(Brief): How do the lines below between the ones holding "From reliance on" and "Chamarra tipo cazadora.", inclusive, read? Give them again exactly, with no other lines.

(Records to use):

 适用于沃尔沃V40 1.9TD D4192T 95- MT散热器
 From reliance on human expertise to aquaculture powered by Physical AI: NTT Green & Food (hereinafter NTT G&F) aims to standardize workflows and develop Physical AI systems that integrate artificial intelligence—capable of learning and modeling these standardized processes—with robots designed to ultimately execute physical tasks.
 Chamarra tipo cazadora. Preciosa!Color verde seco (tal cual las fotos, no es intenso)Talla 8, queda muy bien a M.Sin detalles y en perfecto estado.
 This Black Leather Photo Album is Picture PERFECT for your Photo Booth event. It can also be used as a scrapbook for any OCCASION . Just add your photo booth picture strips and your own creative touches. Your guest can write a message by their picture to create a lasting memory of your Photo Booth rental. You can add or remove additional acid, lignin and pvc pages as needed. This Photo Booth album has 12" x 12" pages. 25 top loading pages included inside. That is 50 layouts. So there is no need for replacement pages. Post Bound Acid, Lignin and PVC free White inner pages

==

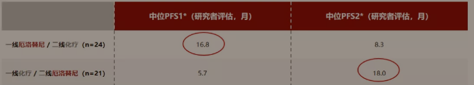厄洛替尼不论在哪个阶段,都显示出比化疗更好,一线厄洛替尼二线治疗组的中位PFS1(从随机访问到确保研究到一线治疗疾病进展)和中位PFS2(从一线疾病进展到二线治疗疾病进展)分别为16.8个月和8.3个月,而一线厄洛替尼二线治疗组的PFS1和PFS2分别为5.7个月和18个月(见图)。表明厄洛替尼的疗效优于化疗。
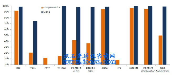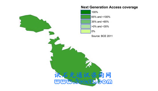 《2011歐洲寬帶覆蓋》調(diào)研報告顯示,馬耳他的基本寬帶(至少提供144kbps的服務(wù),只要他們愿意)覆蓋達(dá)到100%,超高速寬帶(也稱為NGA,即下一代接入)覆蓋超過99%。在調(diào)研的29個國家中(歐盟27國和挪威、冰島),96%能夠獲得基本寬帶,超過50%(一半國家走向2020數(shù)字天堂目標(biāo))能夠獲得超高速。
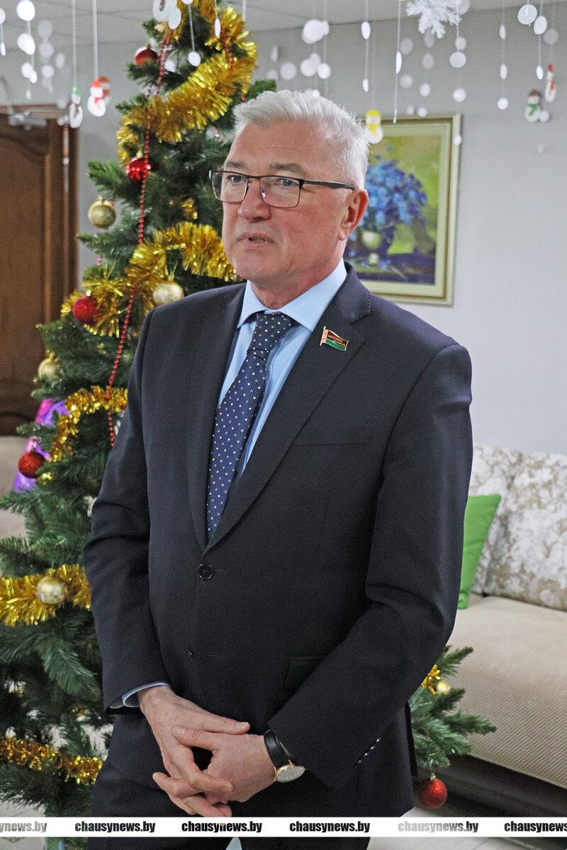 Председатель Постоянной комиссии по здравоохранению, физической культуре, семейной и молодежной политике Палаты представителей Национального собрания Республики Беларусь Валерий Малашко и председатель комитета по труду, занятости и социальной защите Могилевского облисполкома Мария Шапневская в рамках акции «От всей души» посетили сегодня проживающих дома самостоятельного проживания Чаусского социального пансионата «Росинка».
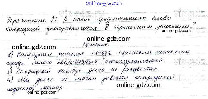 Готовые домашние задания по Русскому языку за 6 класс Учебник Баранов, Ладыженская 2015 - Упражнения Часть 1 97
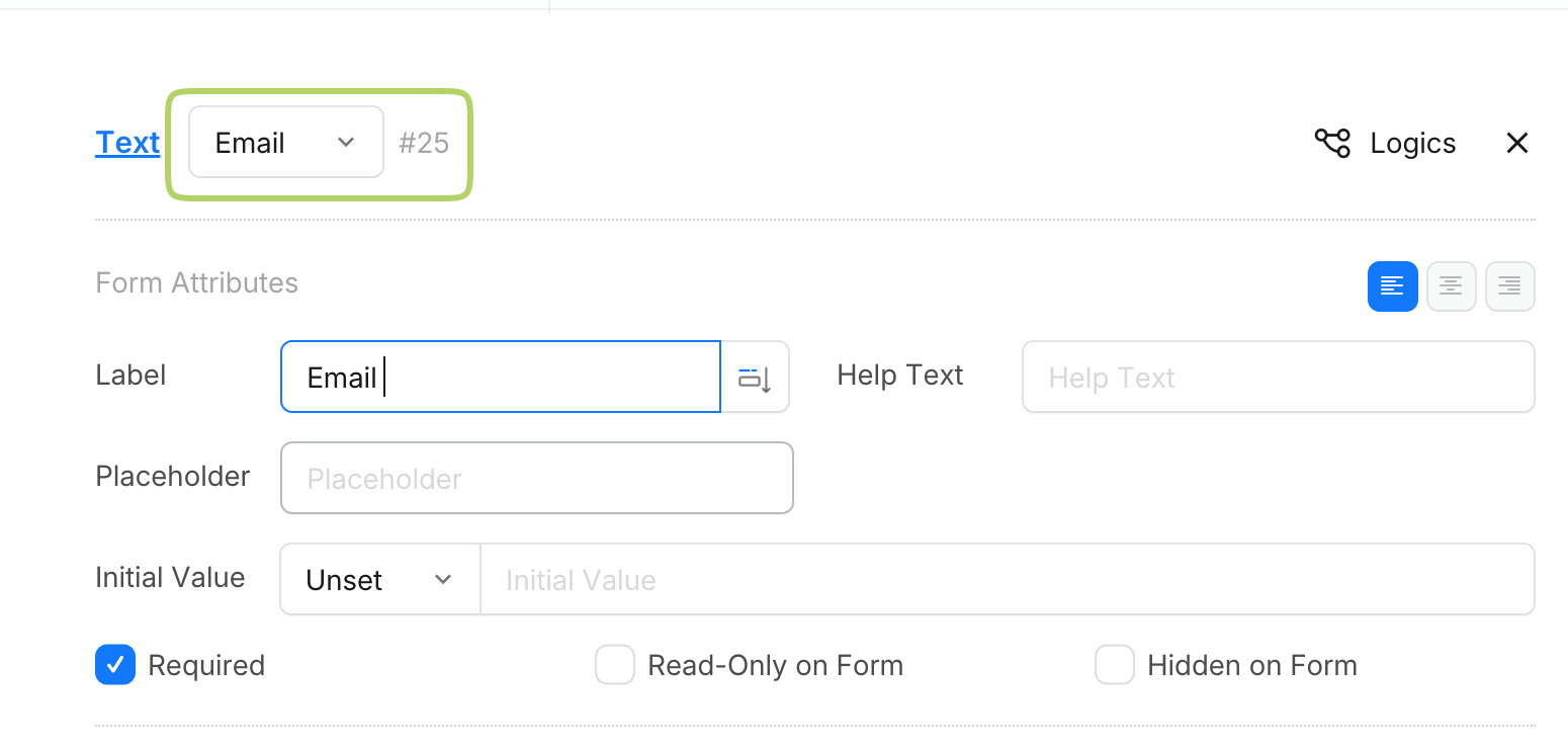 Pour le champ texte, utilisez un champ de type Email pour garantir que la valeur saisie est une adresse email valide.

...

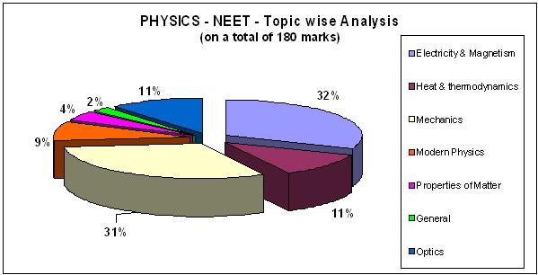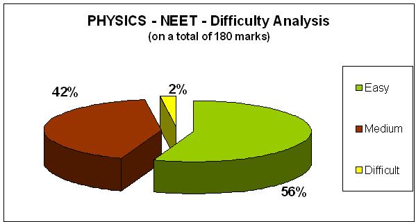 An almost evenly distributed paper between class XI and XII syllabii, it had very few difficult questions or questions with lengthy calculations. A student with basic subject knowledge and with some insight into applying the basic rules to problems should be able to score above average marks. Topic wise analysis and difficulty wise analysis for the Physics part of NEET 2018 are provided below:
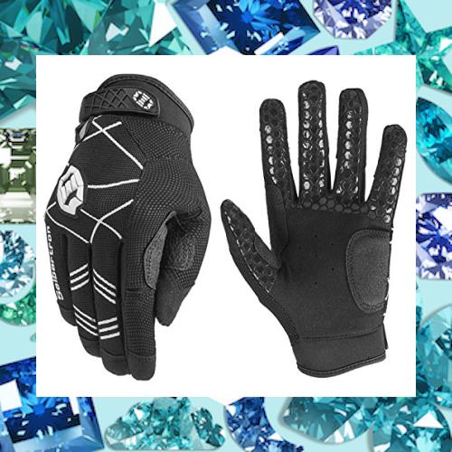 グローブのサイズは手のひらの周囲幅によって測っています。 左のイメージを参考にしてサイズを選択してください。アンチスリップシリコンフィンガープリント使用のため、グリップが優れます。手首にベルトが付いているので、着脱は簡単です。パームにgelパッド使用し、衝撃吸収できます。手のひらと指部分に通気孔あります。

(Result for this exercise):
 From reliance on human expertise to aquaculture powered by Physical AI: NTT Green & Food (hereinafter NTT G&F) aims to standardize workflows and develop Physical AI systems that integrate artificial intelligence—capable of learning and modeling these standardized processes—with robots designed to ultimately execute physical tasks.
 Chamarra tipo cazadora. Preciosa!Color verde seco (tal cual las fotos, no es intenso)Talla 8, queda muy bien a M.Sin detalles y en perfecto estado.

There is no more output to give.